Your assignment: From the line containing "이번에 출시된 신제품은" to the last line of the data, both included, transcribe each line exactly, leaving out pictures and adding nothing.
Data shown below:
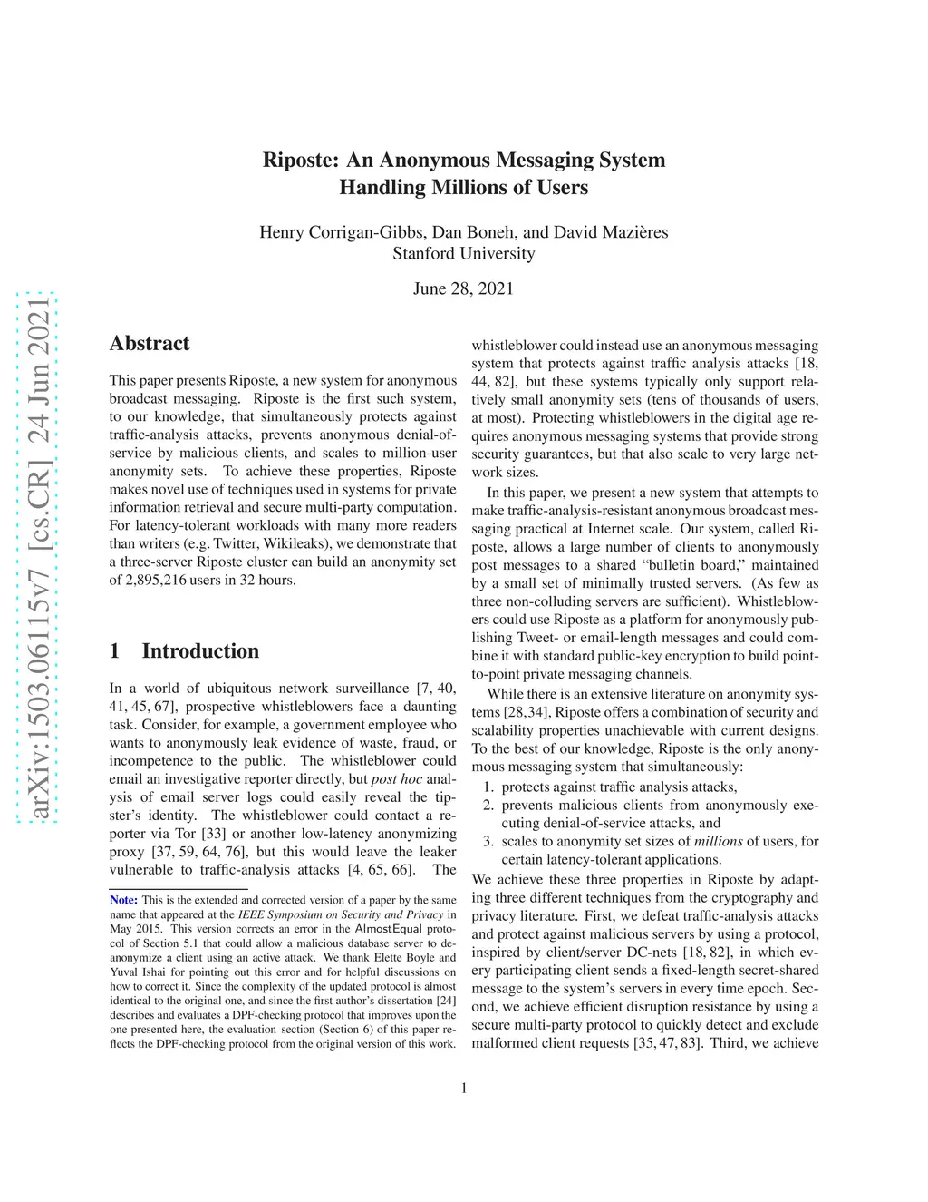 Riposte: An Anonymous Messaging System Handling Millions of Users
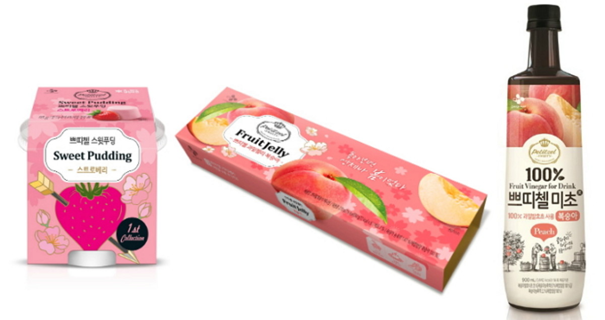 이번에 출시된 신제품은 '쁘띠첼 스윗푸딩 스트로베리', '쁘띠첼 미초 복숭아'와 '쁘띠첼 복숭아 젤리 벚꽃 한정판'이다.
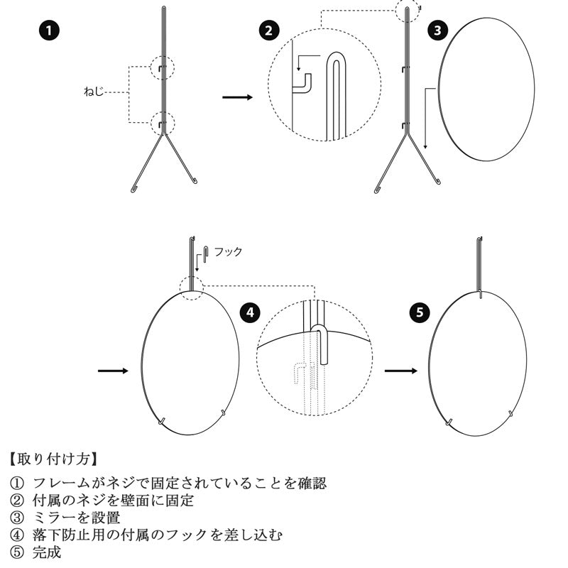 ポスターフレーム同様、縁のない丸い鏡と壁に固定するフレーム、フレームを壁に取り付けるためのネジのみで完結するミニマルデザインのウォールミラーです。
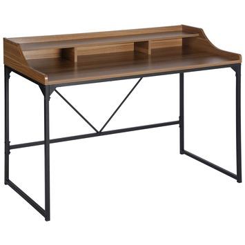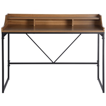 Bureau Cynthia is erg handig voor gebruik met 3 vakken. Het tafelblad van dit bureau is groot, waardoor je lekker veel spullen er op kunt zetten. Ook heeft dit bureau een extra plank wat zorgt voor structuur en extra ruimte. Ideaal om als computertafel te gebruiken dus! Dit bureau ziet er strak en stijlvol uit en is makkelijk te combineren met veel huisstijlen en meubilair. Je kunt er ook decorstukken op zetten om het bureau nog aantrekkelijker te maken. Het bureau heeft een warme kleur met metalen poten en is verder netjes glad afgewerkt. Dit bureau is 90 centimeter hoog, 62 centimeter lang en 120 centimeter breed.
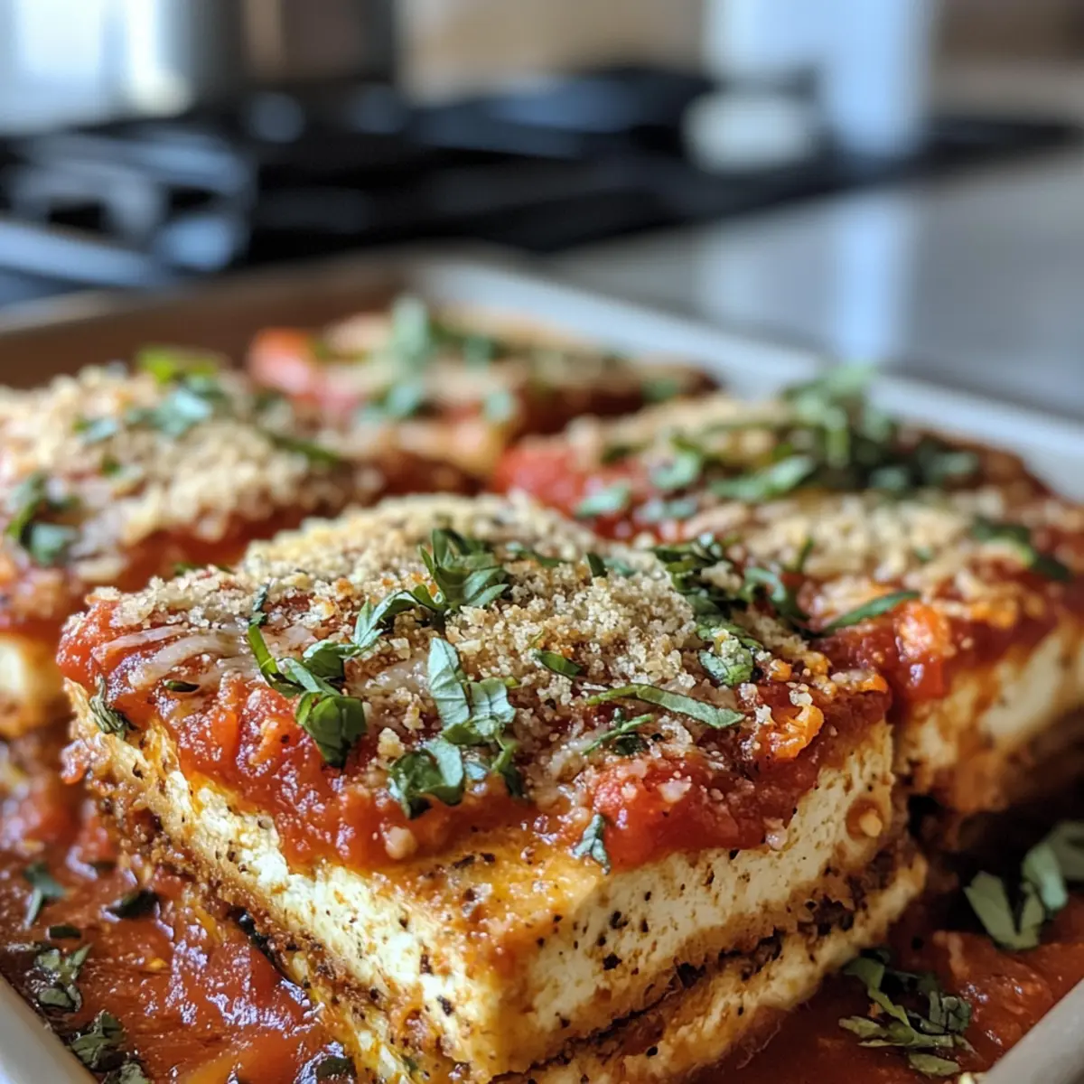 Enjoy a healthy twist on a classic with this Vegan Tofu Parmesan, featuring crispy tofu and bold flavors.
End of Data shown.
The completed task:
 이번에 출시된 신제품은 '쁘띠첼 스윗푸딩 스트로베리', '쁘띠첼 미초 복숭아'와 '쁘띠첼 복숭아 젤리 벚꽃 한정판'이다.
 ポスターフレーム同様、縁のない丸い鏡と壁に固定するフレーム、フレームを壁に取り付けるためのネジのみで完結するミニマルデザインのウォールミラーです。
 Bureau Cynthia is erg handig voor gebruik met 3 vakken. Het tafelblad van dit bureau is groot, waardoor je lekker veel spullen er op kunt zetten. Ook heeft dit bureau een extra plank wat zorgt voor structuur en extra ruimte. Ideaal om als computertafel te gebruiken dus! Dit bureau ziet er strak en stijlvol uit en is makkelijk te combineren met veel huisstijlen en meubilair. Je kunt er ook decorstukken op zetten om het bureau nog aantrekkelijker te maken. Het bureau heeft een warme kleur met metalen poten en is verder netjes glad afgewerkt. Dit bureau is 90 centimeter hoog, 62 centimeter lang en 120 centimeter breed.
 Enjoy a healthy twist on a classic with this Vegan Tofu Parmesan, featuring crispy tofu and bold flavors.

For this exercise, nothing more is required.